Accelerating Empowerment Computation with UCT Tree Search
This work addresses a bottleneck for researchers and developers using empowerment in applications like video games, though it is incremental as it builds on existing UCT methods.
The paper tackles the computational expense of empowerment in intrinsic motivation models by proposing a modified UCT tree search method for discrete and deterministic scenarios, demonstrating that it achieves close to exhaustive computation baselines with reduced resources.
Models of intrinsic motivation present an important means to produce sensible behaviour in the absence of extrinsic rewards. Applications in video games are varied, and range from intrinsically motivated general game-playing agents to non-player characters such as companions and enemies.
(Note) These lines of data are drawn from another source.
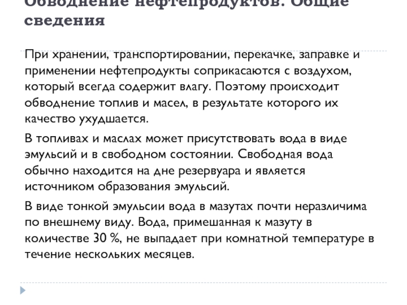 Слайд 32Обводнение нефтепродуктов. Общие сведения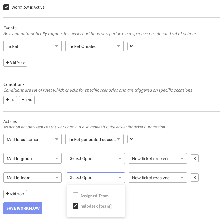 • Workflow [create ticket] doesnt sent to agent and/or team and/or group.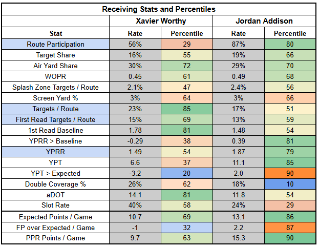 For example, his first-read target rate is better than Jordan Addison's... but it's in the same ballpark.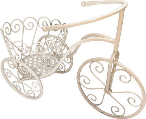 Vyrobený z odolného kovu, stojan disponuje jemne prepracovanými ornamentmi a bielym povrchom s patinou, čo mu dodáva romantický a starožitný vzhľad. Elegantné špirálové detaily na kolesách a košíku podčiarkujú jeho jedinečný dizajn.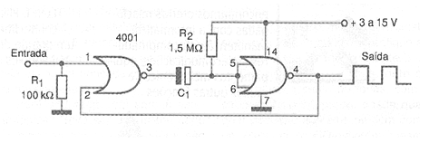 In the figure we show a monostable that uses two of the four ports available on 4001. The duration of the pulse generated at the output when a short pulse is applied at the input depends on the value of capacitor C. This component can have values in the range of 1 nF to 100 uF. The supply can be done with voltages from 3 to 15 V and the output signal is rectangular.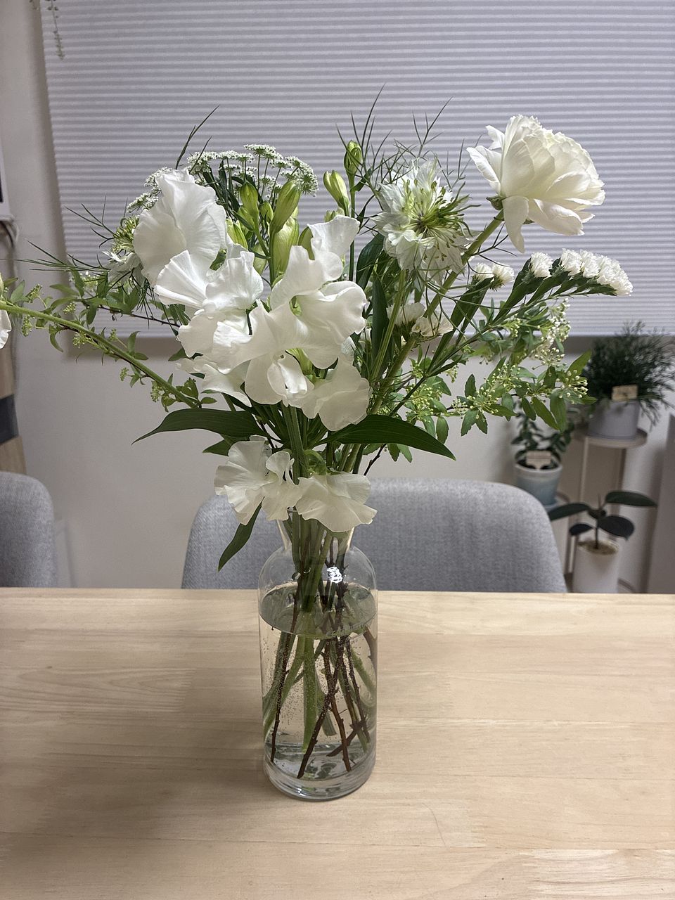 箱から出した時はボリュームが少ないと感じましたが、皆さんの生け方を参考にしてみたら、ボリュームも気にならなくなりました。 花のチョイスは好みです。コデマリが1本水切れの状態です。復活してくれるかなぁ。

The information-theoretic quantity of Empowerment is a particularly promising candidate motivation to produce believable, generic and robust behaviour. However, while it can be used in the absence of external reward functions that would need to be crafted and learned, empowerment is computationally expensive. In this paper, we propose a modified UCT tree search method to mitigate empowerment's computational complexity in discrete and deterministic scenarios. We demonstrate how to modify a Monte-Carlo Search Tree with UCT to realise empowerment maximisation, and discuss three additional modifications that facilitate better sampling. We evaluate the approach both quantitatively, by analysing how close our approach gets to the baseline of exhaustive empowerment computation with varying amounts of computational resources, and qualitatively, by analysing the resulting behaviour in a Minecraft-like scenario.